We believe this is Good Thing as we showed that `counted_iteraor` always does
the wrong thing for (non-lazy) `input_iterator`s.
At the very least, if this change isn't accepted, we have to warn users against
using `counted_iterator` (and its consumers) with `input_iterator`. We might
want to encourage implementations to produce diagnostic on such a usage.

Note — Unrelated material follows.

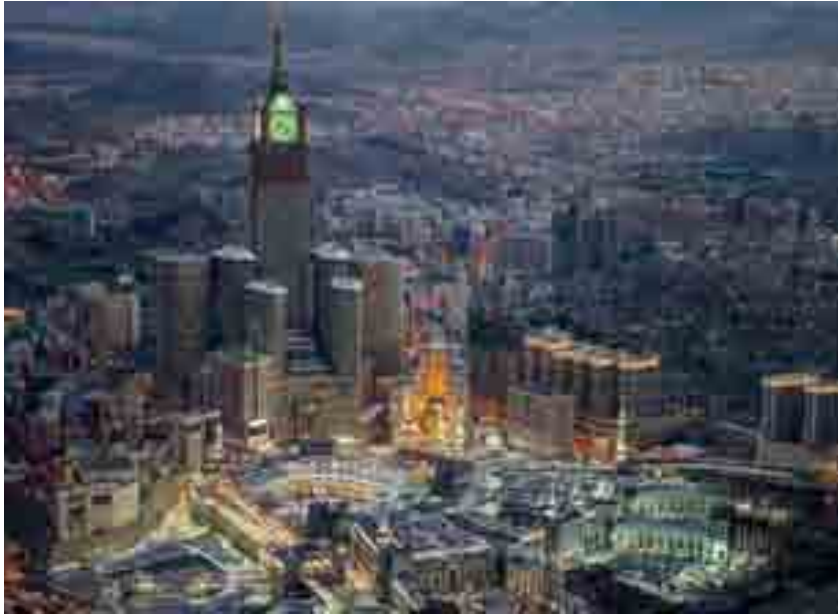
خدمة الحرمين الشريفين شرف كبير وجهود لا تتوقف

الكبير الذي حققته في مواجهة جائحة كورونا، وبذلت في سبيله جل إمكانياتها وطاقاتها؛ تجسيداً لدورها الريادي في العالم. وتماشياً مع خطط رفع الطاقة الاستيعابية لاستضافة 30 مليون معتمر بحلول عام 2030، تم إطلاق أعمال البنية التحتية والمخطط العام لمشروع «رؤى المدينة»، في المنطقة الواقعة شرق المسجد النبوي، والعمل جارٍ على استكمال التوسعة السعودية الثالثة في المسجد الحرام، إضافة إلى العديد من المشروعات التي تهدف إلى الارتقاء بمستوى الخدمات المقدمة لضيوف الرحمن، واستمرار توفير سبل الراحة والتيسير لقاطني الحرمين الشريفين وفق أعلى المعايير العالمية.

We think this is a good candidate to be applied as a Defect Report.
TODO
====
Besides going over the C++23 new ranges (e.g. zip), here are the rest of the
changes that aren't in the wording above yet, about how to specialize
`enable_lazy_weakly_incrementable` for various adaptors:
- `move_iterator<I>` - `lazy<I>`
- `common_iterator<I, S>` - `lazy<I>`
- `counted_iterator<I>` - `lazy<I>`
- `istreambuf_iterator<C, T>` - `true`
- `iota_view<W, B>::iterator` - `lazy<W>`
- `elements_view<V, N>::iterator` - `lazy<iterator<V>>`
- `transform_view<V, F>::iterator` - `lazy<iterator<V>>`
Acknowledgements
================
Many thanks to the Israeli NB members for their feedback and support, in
particular Inbal Levi, Dvir Yitzchaki and Dan Raviv. Thanks r/cpp Reddit users
for their [[reddit-cpp|feedback]] on P2406R0.